▸ Task brief
Begin at the line that has "An antique style", stop after the line that has "鶴ノ子沢堤の土手からの景色。", and print exactly those lines from the records below, without any pictures.

▸ Data for processing
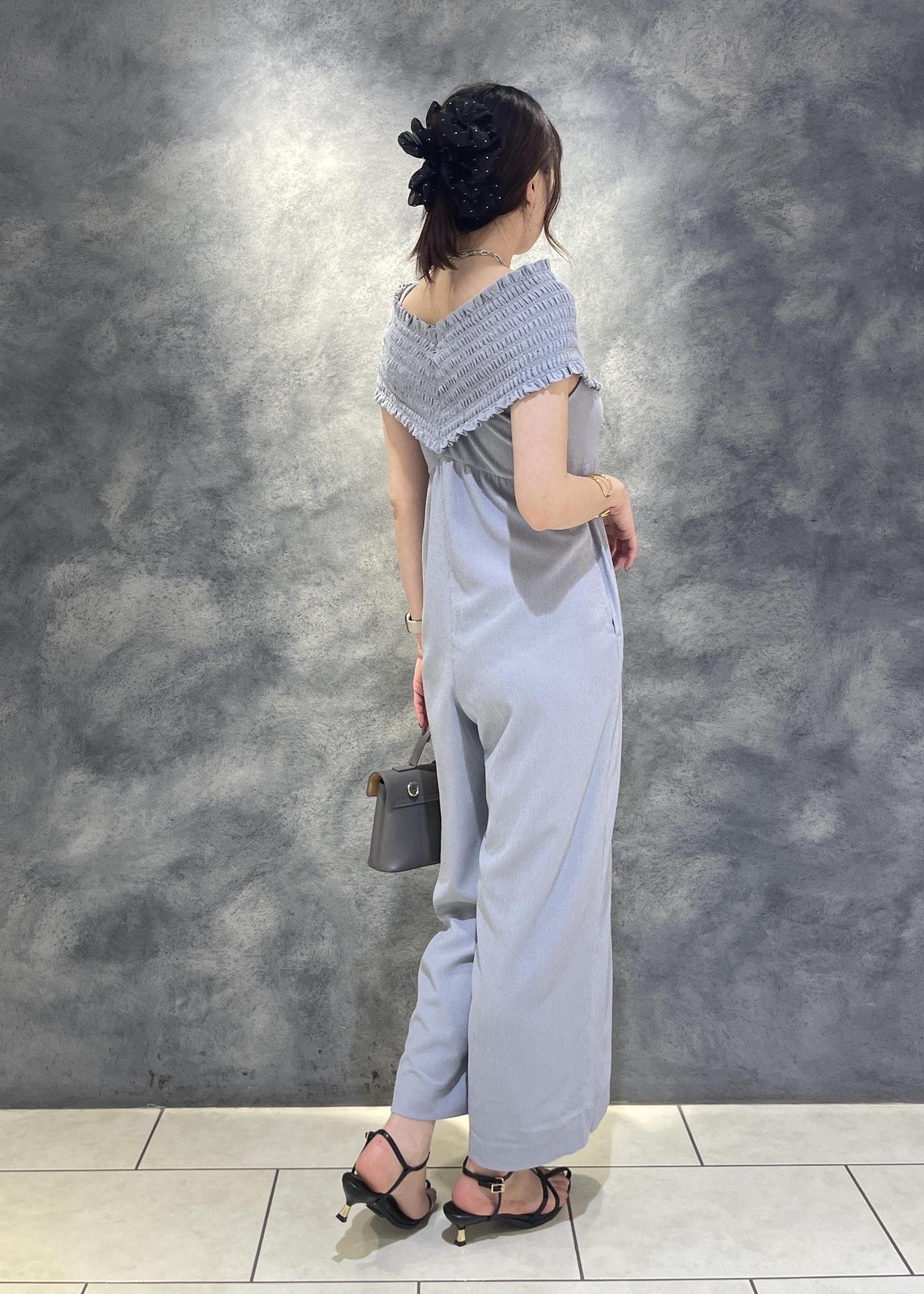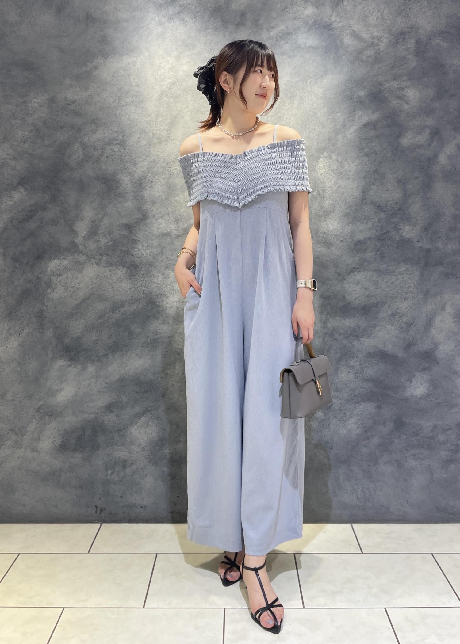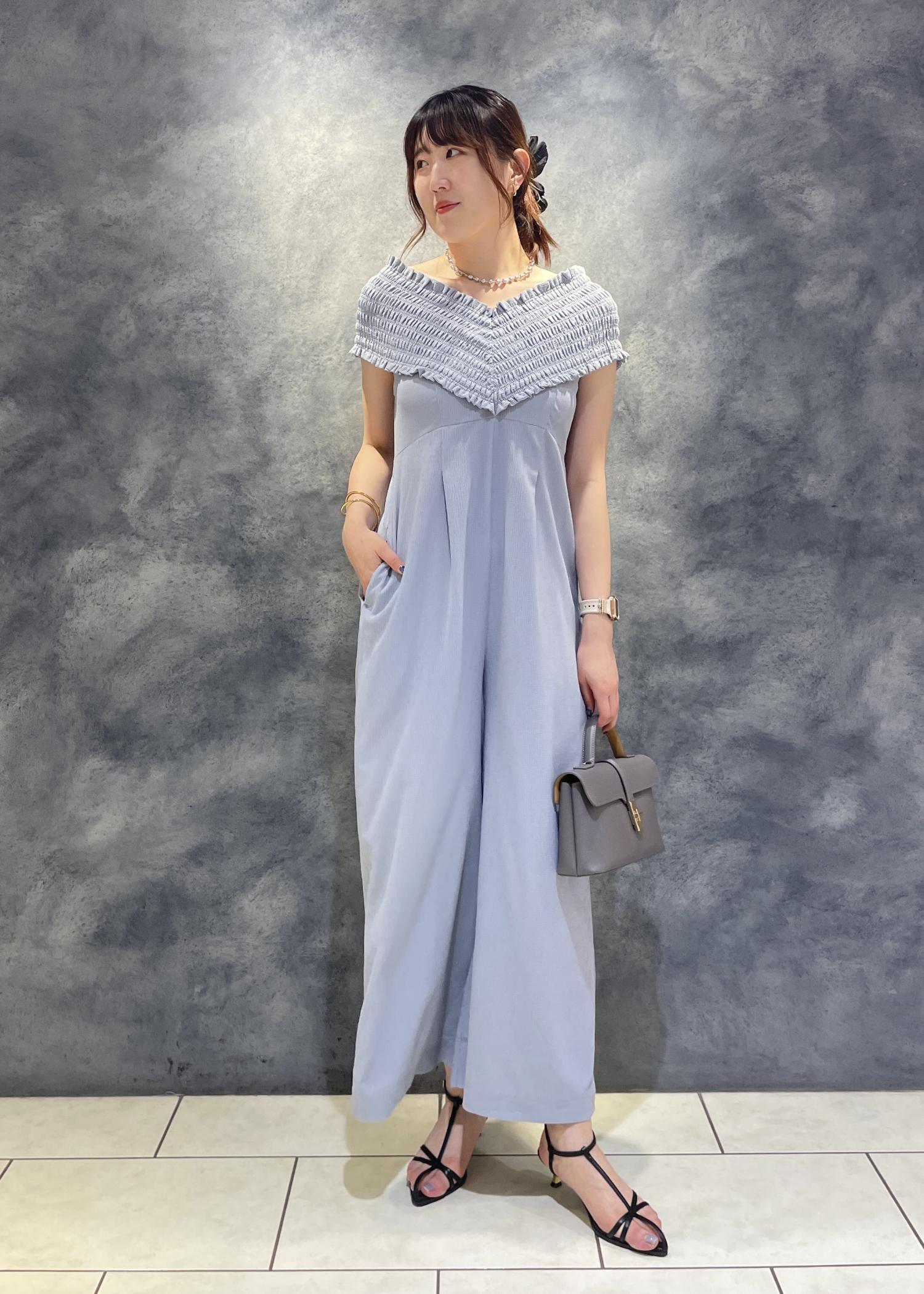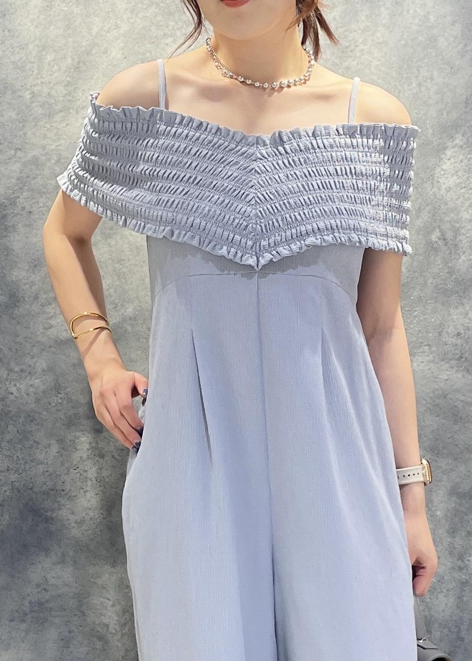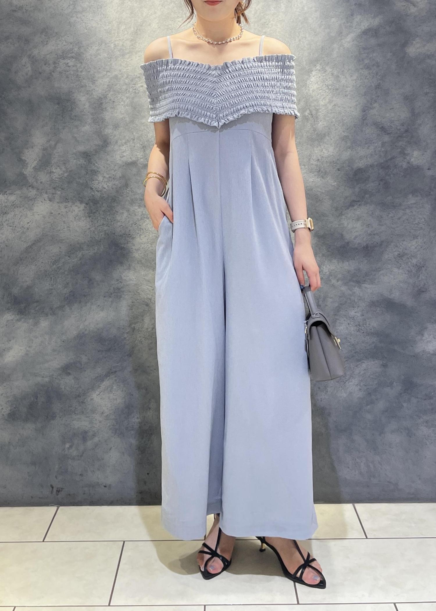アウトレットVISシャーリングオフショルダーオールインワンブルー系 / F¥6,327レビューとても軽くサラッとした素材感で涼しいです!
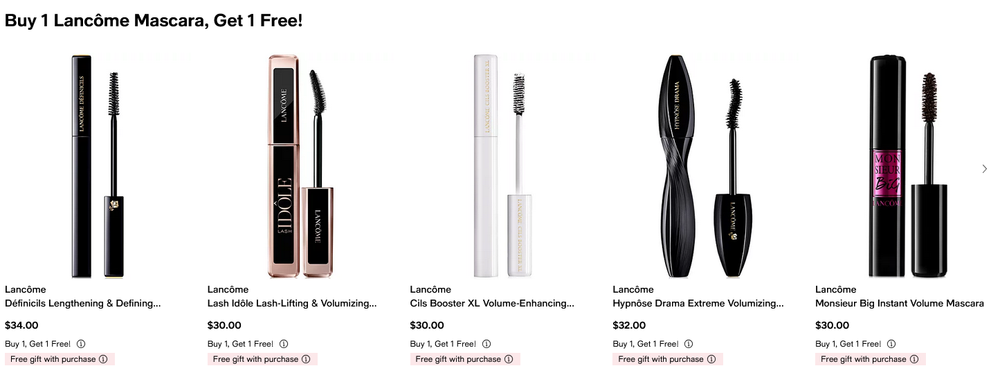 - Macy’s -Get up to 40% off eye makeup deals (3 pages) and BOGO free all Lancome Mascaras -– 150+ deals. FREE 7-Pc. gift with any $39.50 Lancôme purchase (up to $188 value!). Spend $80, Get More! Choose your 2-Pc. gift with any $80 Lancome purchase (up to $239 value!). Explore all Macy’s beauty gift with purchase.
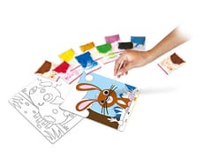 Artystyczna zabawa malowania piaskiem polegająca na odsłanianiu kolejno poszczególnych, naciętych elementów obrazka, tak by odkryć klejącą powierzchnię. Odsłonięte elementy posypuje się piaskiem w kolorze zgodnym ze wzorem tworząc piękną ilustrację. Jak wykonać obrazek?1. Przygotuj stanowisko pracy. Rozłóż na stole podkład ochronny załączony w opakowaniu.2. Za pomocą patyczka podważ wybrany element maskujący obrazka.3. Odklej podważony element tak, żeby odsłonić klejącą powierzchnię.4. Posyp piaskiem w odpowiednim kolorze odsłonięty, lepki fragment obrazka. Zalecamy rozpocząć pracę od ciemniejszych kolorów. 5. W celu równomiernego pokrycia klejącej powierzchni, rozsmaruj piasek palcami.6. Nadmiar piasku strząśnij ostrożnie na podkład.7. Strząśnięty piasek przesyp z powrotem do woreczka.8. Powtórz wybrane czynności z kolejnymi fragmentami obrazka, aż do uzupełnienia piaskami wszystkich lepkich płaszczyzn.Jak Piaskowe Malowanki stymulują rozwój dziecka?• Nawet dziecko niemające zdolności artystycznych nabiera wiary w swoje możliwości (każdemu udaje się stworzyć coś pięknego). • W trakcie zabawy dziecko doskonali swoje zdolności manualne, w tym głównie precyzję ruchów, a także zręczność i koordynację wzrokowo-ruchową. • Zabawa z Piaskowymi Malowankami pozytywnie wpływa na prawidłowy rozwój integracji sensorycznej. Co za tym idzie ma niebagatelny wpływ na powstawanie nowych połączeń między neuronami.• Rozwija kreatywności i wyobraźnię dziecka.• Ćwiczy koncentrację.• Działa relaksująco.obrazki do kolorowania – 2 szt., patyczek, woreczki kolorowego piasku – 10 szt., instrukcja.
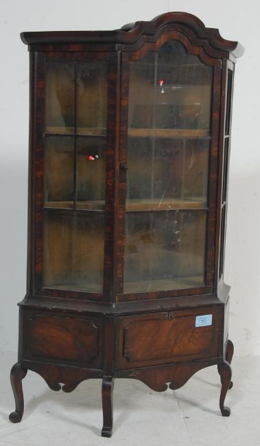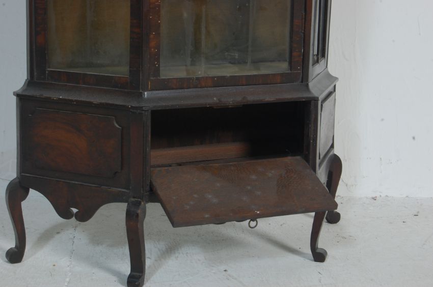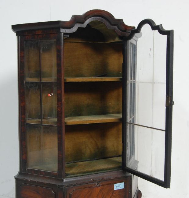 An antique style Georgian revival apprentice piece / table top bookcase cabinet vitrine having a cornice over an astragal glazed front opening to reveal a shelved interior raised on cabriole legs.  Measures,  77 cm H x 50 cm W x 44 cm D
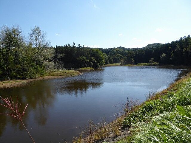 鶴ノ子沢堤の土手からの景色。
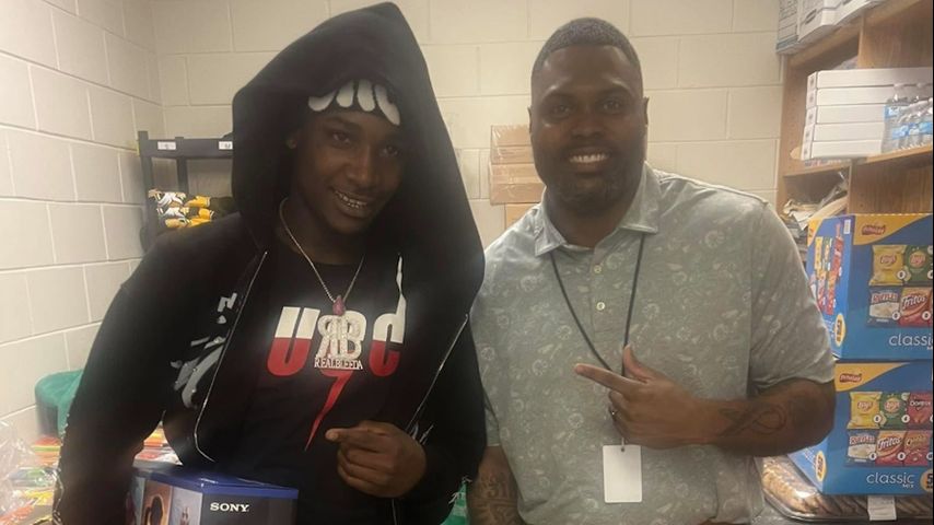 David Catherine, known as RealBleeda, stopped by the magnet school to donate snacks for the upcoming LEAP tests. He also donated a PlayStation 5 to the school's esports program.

▸ Answer space
 An antique style Georgian revival apprentice piece / table top bookcase cabinet vitrine having a cornice over an astragal glazed front opening to reveal a shelved interior raised on cabriole legs.  Measures,  77 cm H x 50 cm W x 44 cm D
 鶴ノ子沢堤の土手からの景色。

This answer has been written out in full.